太ってきてしまった時、本当にそれはエビリファイのせいなのかをしっかり見極めることは大切です。特にエビリファイは太りにくいお薬ですから、太った原因は別のところにある可能性があります。お薬を服薬していて体重が増えたときは、「それは本当に薬のせいなのか?」「他の原因はないのか?」ということを必ず考えるようにしましょう。

例えば、病状が悪くて一日中部屋に閉じこもりっぱなしだったとしたら太るのは当然かもしれません。ストレスでやけ食いしている頻度が多いのでしたら、原因はそっちでしょう。

もし運動不足や過食が原因で太っているのに、「エビリファイのせいだ!」と決めつけて服薬をやめてしまったらどうなるでしょうか。お薬の服薬を急に中断すれば、病状が悪化するう可能性があります。それによって無気力や過食が 更に悪化し、体重が更に増えてしまうことも考えられます。しっかりと見極めないと、このように事態をより悪化させてしまうのです。

4.太ってしまった時の3つの対処法

エビリファイで太る可能性はありますが、そこまで大きな問題となることはあまりありません。

しかし中には、エビリファイの体重増加で困っている方もいらっしゃるかもしれません。太る副作用が出てしまった時は、どのような対処法があるのでしょうか。良く取られる対処法を紹介します。

ただし、これらの対処法は独自の判断では行わず、必ず主治医と相談の上で行ってください。独断でお薬の量を減らしたりすると病気が悪化する可能性もあり大変に危険です。

Ⅰ.生活習慣を見直す

副作用に限らず、太ってきたときにすべき一番のことは、生活習慣を見直すことです。

そもそもエビリファイは体重増加を起こしにくいお薬ですから、お薬以外の要因に目を向けることはとても大切です。

規則正しい生活、適度な運動などの生活改善を行えば、たとえ抗精神病薬を内服していたとしても体重は落ちます。抗精神病薬は体重が「落ちなくなる」おくすりではありません。「落ちにくくなる」だけですので、しかるべき行動をとれば体重は必ず落ちます。

毎日三食、規則正しく食べていますか。
量やバランスは適正でしょうか。
間食や夜食などをしていませんか。
適度な運動はしていますか。

散歩などの運動でも長時間(目安として20分以上)行えば、脂肪燃焼には効果があります。余裕があればジョギングやサイクリングなど強度の高いものにトライすれば代謝は更に改善されます。

Ⅱ.エビリファイの量を減らしてみる

もし精神状態が安定しているのであれば、 減薬を考えてみるのもいいかもしれません。主治医と相談してみましょう。

体重が増えてしまい、つらい思いをしているのに、それを主治医に伝えていない患者さんは少なくありません。しかし困っているのであれば主治医に相談することは大切なことです。

というのも主治医は、あなたの体重増加をあなたほど重く捉えていないかもしれないからです。

体重が増えて困るかどうかは、人によってかなり異なります。ガリガリに痩せた男性であればちょっと体重が増えても全然困らないでしょう。でも、スタイルに気を使っている若い女性にとって体重がちょっとでも増えることは大きな恐怖です。

体重増加に対して主治医とあなたとの間に認識のギャップがある恐れがあります。特に年配の先生だったりすると、若い女性が悩むポイントというものは意外と気付かないものです。

ただし、病状によっては薬の量を減らせないこともあります。
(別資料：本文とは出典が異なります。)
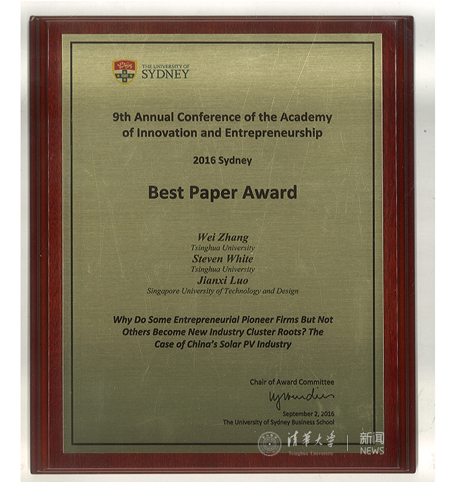 清华新闻网9月19日电 (通讯员 张瑾琳)9月,清华经管学院创新创业与战略系张帏教授、白思迪(Steven White)教授与新加坡科技设计大学罗建曦教授合著的会议论文《为什么某个创业企业而不是其它企业能成为产业集群的根基企业?——基于中国光伏产业的研究》(Why do some entrepreneurial pioneer firms but not others become industry cluster roots? The case of China's solar PV industry)在第九届创新创业国际学术年会(9th Annual Conference of the Academy of Innovation and Entrepreneurship,简称AIE年会)获得唯一的最佳论文奖(Best Paper Award),这是精品无码久久久久久久久_国产精品一区二区三区四区五区_欧美亚洲国产激情一区二区_午夜精品久久久久久久久久久久_亚洲欧洲中文日韩久久AV乱码_91精品欧美一区二区三区_久久精品一区二区免费播放_日韩高清大片永久免费入口_久久国产欧美日韩精品免费_欧美一区二区三区久久综合_国产精品天天狠天天看教师首次在AIE年会上获此殊荣。

相談の上で、お薬を減らせないという結論になった場合は、勝手に減らすことはせず、主治医の指示に従ってください。

Ⅲ.別の抗精神病薬に変えてみる

別の抗精神病薬に変えてみるという手もあります。

しかしエビリファイは抗精神病薬の中では、一番と言っていいほど太りにくいお薬ですので、他の抗精神病薬に変更しても改善は得られない可能性もあります。そのため、変薬の適応になるかどうかは主治医としっかり相談しなければいけません。
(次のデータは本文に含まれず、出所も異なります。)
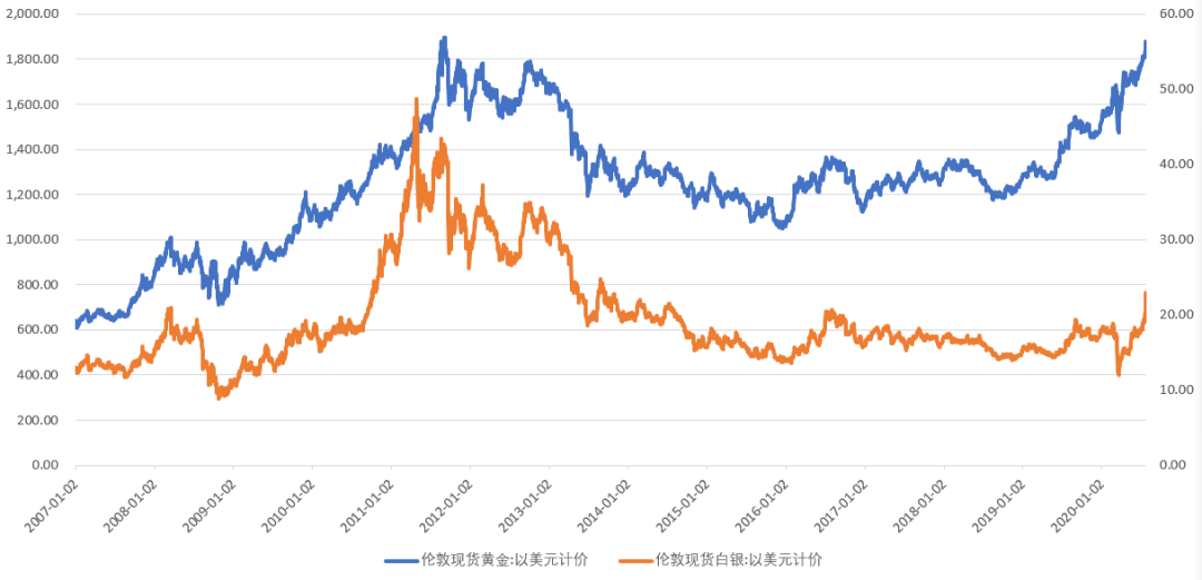 历史伦敦金、伦敦银走势对比

変薬の際、「太りにくい」という観点で見れば候補に挙がるのは、SDAのパリペリドン(商品名インヴェガ)、ペロスピロン(商品名:ルーラン)、ブロナンセリン(一般名ロナセン)あたりでしょうか。

ただし、それぞれの抗精神病薬には長所と短所がありますので、体重増加の視点だけで考えるのではなく、総合的に判断することが大切です。体重増加は改善されたけど、今度は別の副作用で悩むようになってしまった、ということもあります。
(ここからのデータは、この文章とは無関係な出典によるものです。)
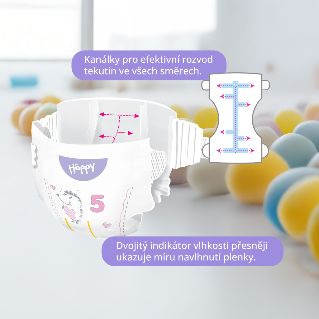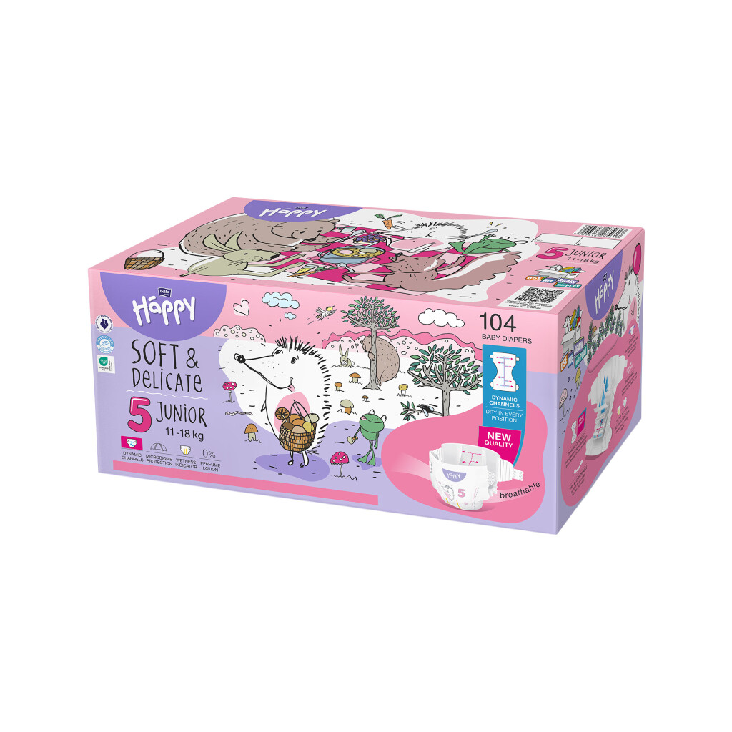 Bella Baby Happy dětské plenky s kanálky Soft & Delicate vel. 5 (11-18 kg), Box 2 x 52 ks
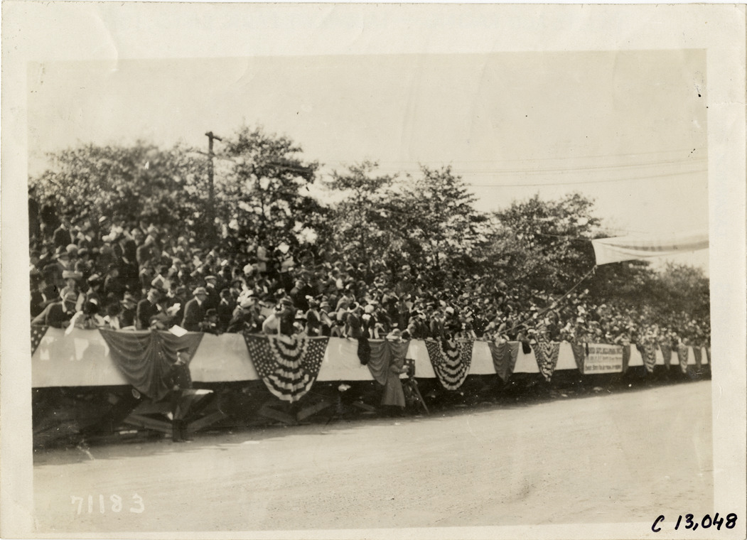View of crowd of spectators in stands during the 1911 Fairmount Park races in Philadelphia, Pennsylvania. Railing is decorated with bunting. Stamped on back: "Spooner & Wells, Inc., photographers, telephones 3472-3473 Columbus, 1931 Broadway, New York." Handwritten on back: "Races and racing--Fairmount Park races, 1911."

そのようなことになっては意味がありません。変薬の際は主治医とよく相談して決めててください。

Ⅳ.便秘が原因であれば下剤も検討

エビリファイは便秘を起こす事があります。その程度は、他の抗精神病薬と比べると少ないのですが、もし便秘が理由での体重増加なのであれば、排便コントロールをすることが体重減少につながります。

主治医と相談して、排便コントロールに最適な下剤を検討してください。

また前項と重複しますが、排便コントロールには規則正しい食生活・運動習慣も重要です。こちらも問題がないか再確認しましょう。